Essay: Sustainability and WBCSD’s myopic Vision 2050
The World Business Council for Sustainable Development’s Vision 2050 says the corporate world must play a leadership role in solving mankind’s mounting problems. It outlines a new agenda for business: to work with government and society to transform global markets and competition to achieve a sustainable future. But here is a thought. Is Vision 2050 anything more than a PR survival plan for today’s big companies seeking a long-term and popular license to operate?
Vision 2050 identifies 350 milestones, of which 40 are described as “must haves”, that will allow the world to produce enough food, clean water, sanitation, shelter, mobility, education and health to provide for 9 billion humans (two more billion than today).
The report (by 29 leading global companies from 14 industries in dialogue with 200 companies and stakeholders) says that to create this sustainable world we must first negotiate some tough hurdles:
“These include incorporating the costs of externalities, starting with carbon, ecosystem services and water, into the structure of the marketplace; doubling agricultural output without increasing the amount of land or water used; halting deforestation and increasing yields from planted forests: halving carbon emissions worldwide (based on 2005 levels) by 2050 through a shift to low-carbon energy systems and improved demand-side energy efficiency, and providing universal access to low-carbon mobility.”
Vision 2050 calls on governments and business to write new rules for markets that reframe environmental challenges as economic challenges, driving innovation and competition toward sustainability and away from resource- and energy-intensive production.
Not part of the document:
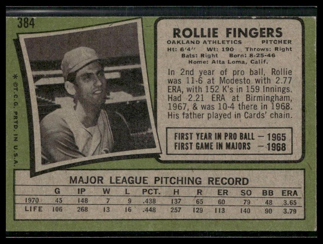 Rollie Fingers #384 1971 Topps Oakland Athletics
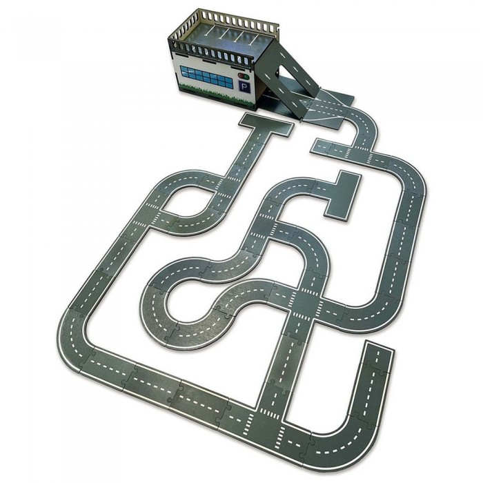 Размер упаковки: 18,8*28,4*19 см Размер изделия: ширина деталей дороги - 6 см, гараж - 18*28*18 см Вес: 1,9 кг Функционал: конструирование Упаковка: картонная коробка Страна обладатель бренда: Россия Материал: дерево Комплектация: прямая деталь – 11 шт, поворот – 14 шт, парковка – 2 шт, развилка – 5 шт, перекрёсток – 1 шт, подъезд – 1 шт, тупик – 3 шт, гараж с дверцей и спуском – 1 шт. Возраст ребенка: от 3 лет Все мальчишки интересуются техникой, поэтому Вы сделаете чудесный подарок маленькому любителю автомобилей, если преподнесете ему этот интересный набор. Этот набор разнообразит игры малыша и позволит создать ряд сюжетов для игр. Детали трека скрепляются по принципу пазла и позволяют собрать множество вариантов трассы. Варианты можно посмотреть по QR-коду на упаковке. Гараж закрывается дверкой. Проработанные детали придают ей реалистичность и делают процесс игры увлекательнее. Рисунок - качественная УФ-печать по дереву. Такой набор станет прекрасным подарком юному

It adds its collective multi-corporate voice to the campaign that wants market prices rationalized to take account of externalities such as climate and biodiversity impacts.
In other words, WBCSD’s Vision 2050 promotes the viewpoint that over the next forty years, corporate environmental efficiency must become a competitive advantage across all industries and regions of the world.
How to interrogate this stuff from an independent PR perspective? Sceptically, I suggest.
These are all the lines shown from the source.